I tak ostatnio jak leżałam sobie w łóżeczku, stwierdziłam, że najfajniejszą rzeczą na świecie jest przytulanie. Mogłabym z wielu spraw zrezygnować, ale nigdy z przytulania. Zauważyłam, że jak się tak wtulę w Mężusia, to mi wszystkie nerwy odpuszczają. Jakbym była cała z lodu, a w momencie wtulenia „odtajam”. Całkowicie. Topię się jak zapalona świeca. Spływam. Odpływam. I jest mi tak dobrze, że nie ma chyba przyjemniejszej sprawy. I jeszcze do tego zapach skóry. Słusznie mówią, że miłość to chemia. Sprawdziłam, przetestowałam kilka zapachów w swoim życiu. Mężusia jest idealny. Wręcz doskonały. Już mu mówiłam, że można by go w butelki pakować. Chociaż może nie powinnam mu robić takiej reklamy. Ale głównie chodzi o to, by znaleźć swój – ten jeden jedyny. Ja mogłabym tak z nosem wtulonym w zakamarki szyi mojego Mężusia spędzać godziny i wchłaniać jego zapach całą sobą. A jak jeszcze obejmie mnie swoim ramieniem, przytuli, to świat mógłby przestać istnieć. Zapominam się, odpływam.

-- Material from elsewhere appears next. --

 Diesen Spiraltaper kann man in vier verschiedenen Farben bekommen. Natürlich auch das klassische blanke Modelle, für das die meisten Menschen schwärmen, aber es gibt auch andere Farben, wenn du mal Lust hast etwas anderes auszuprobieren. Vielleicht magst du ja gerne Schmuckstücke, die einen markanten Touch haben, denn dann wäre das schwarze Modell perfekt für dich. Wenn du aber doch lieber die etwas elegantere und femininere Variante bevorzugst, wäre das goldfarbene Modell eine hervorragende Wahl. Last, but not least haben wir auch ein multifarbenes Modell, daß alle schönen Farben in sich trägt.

Majaczę zawieszona między niebem a ziemią.
Do tego dołożyłabym głaskanie. Lubicie, jak Was się głaszcze? Po pleckach? Po głowie? Super, nie? Delikatny dotyk ukochanej osoby przemieszczający się po skórze, na której nerwy napięte są jak postronki, oczekując niecierpliwie ciepła dłoni. I wtedy wszystkie kłopoty przestają istnieć. Nie ma świata, nie ma problemów. Jest przyjemność. Rozkosz. Spokój. Otoczenie na chwilę przestaje istnieć. Jestem zaklęta w dotyk.
I tak spokojnie. Obrazy przewijają się przed oczyma…

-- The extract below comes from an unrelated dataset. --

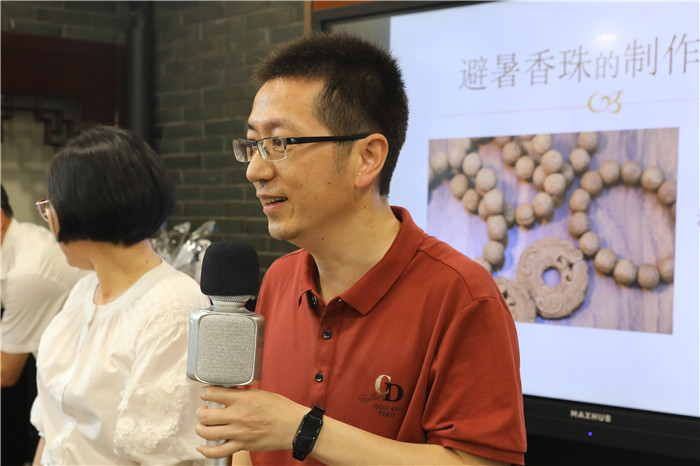 随后,耳鼻喉科主治中医师黄亚带大家进入了制作驱蚊手串的体验环节。在黄亚老师的介绍和指导下,大家齐动巧手,其乐融融,以3人为一组,在事先磨粉混合的药粉中加入适量纯净水,再和匀揉搓成大小相等的珠子。尽管对工艺要求并不严格,但大家都很认真地对待,“能自己动手做一串手串,还能闻药香防蚊虫,这种体验太珍贵了!”

W poniedziałek jednak (na pewno) wrzucę wyższy bieg i popędzę gdzieś przed siebie, rozglądając się za absurdami życia. A dzisiaj pełen relaks.
* zdjęcie z sieci
Nie wiem, może ja jestem jakaś dziwna, ale takie zwykłe przytulenie w dzień działa na mnie nie zręcznie, jeśli sama się nie przytulam a ktoś mnie, czyli mężuś. Jakieś to dziwne dla mnie. Co innego po seksie. No to wtedy lubię 🙂 A do głaska to mam teraz kota, który z nami śpi, niestety. Nie no lubię jak mężuś mnie głaszcze po brzuszku 😛
A mnie można przytulać 24 na dobę. Nie ma znaczenia czy dzień, czy noc. 🙂
No to Cię przytulam (=) Będzie cieplej….
Dzięki, zawsze to o jeden przytulasek więcej. 😉 🙂
Jak patrzę Aniu na to zdjęcie to mam ochotę powiedzieć tylko jedno: Uwaga, nadchodzę! 😀
Ha, ha. 🙂 Coś w tym jest 😉
Przytulanie czyli to co Tygryski lubią najbardziej ! 😉
Dokładnie. 🙂 A Jajo moje też lubi się przytulić, a niby takie dorosłe. A co jakiś czas: “Przytul mnie”. 🙂
Ale sielankowo dzisiaj u Ciebie 🙂 Błogo jak w niebie 🙂
Tak, dzisiaj pełen luz i relaks. 🙂
No jejciu-a ja ciągle taka samotna-dla mnie głaskanie i przytulanie to jak pewex za komuny-istny delikates!!!Szkoda że mam to tak rzadko…Anka cholero jedna przez Ciebie będę dzisiaj cierpiała męki…!!!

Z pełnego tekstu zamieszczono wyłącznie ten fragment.